To me it sounds like you don't know how to do a butterfly properly, and like Coach said (am paraphrasing here) the main problem here is that it is crazy to train an advanced entry into a position when the basic static position isn't even solid!

That would be like trying to learn a press handstand before you can stand on your hands... how in the world is that ever supposed to happen? You can't press to something you can't hold.

I think you're doing the smart thing by letting everything heal up, and if you just focus on solidifying your cross and getting reasonably strong with cross pulls in the nearer future and forget about butterfly then the butterfly will come much more naturally when you are eventually ready to learn those progressions.

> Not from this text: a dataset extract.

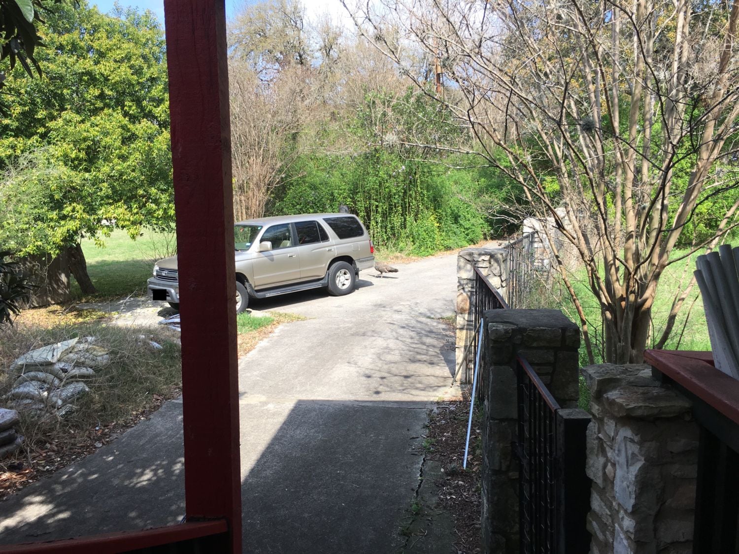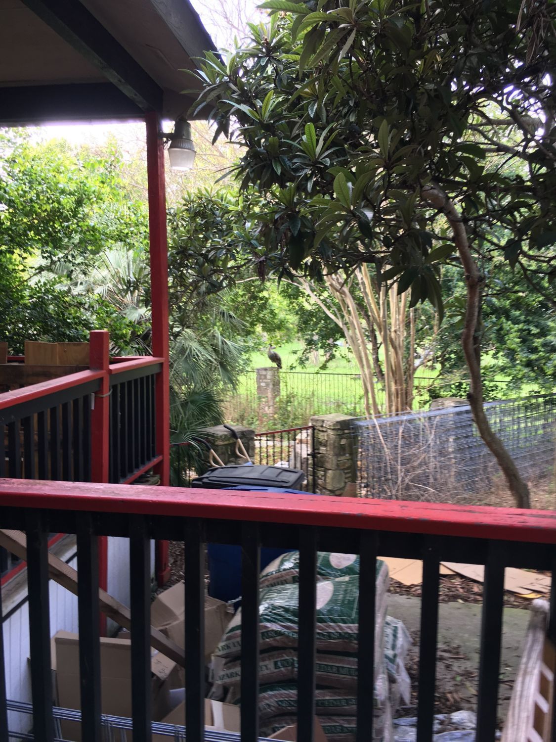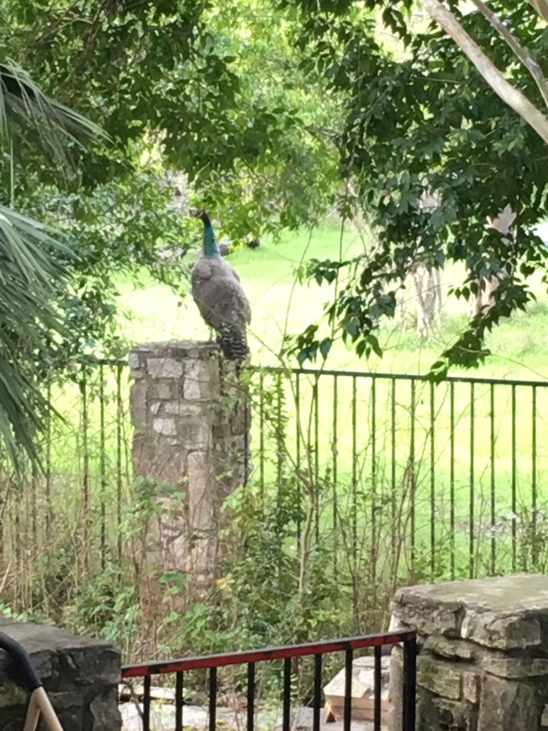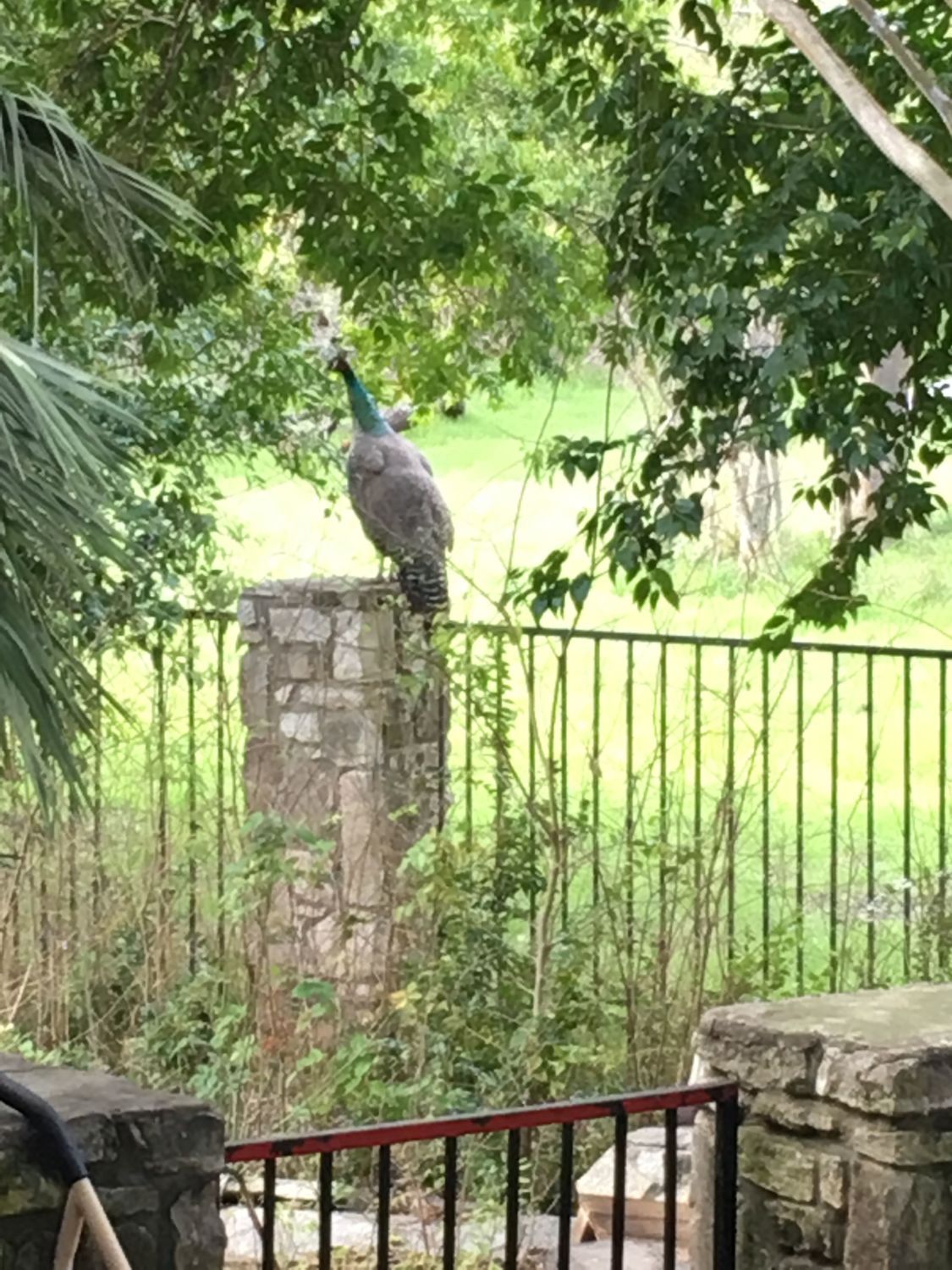 While I was on the porch wrangling hardware cloth, a peahen from our neighborhood's feral flock came down the driveway to visit me - I couldn't get my phone out fast enough, that's her walking behind the car. But later she hung out in top of one of my fence supports. They usually move through as a flock (I had all of them wander through my yard a couple years ago), weird for her to be cruising around on her own (and you could hear her friends complain about it several houses down). This flock of peafowl has been in the neighborhood since the 1930s, when they were owned by someone who lived here. Since then, they have lived here - they don't belong to anyone anymore, and just wander our neighborhood as their territory.

Well, I have a counterweight system: the butterfly training I had been doing was to do the press with a lot of weight helping me (60+ lbs). So that's how it was supposed to happen :P. My reasoning was that the first 90 degrees of pulling is a different movement than the second 90 degrees, so training both both would be a good source of variation. An analogy might be training a straddle-planche press to handstand while still working on the straight-body planche. But I wasn't taking good care of my shoulder flexibility and rotator cuff strength, so I ended up irritating the tendon. Now I'm doing my best to build better shoulder maintenance habits, and also going light on the tendon to let it heal before I go back to any serious cross training.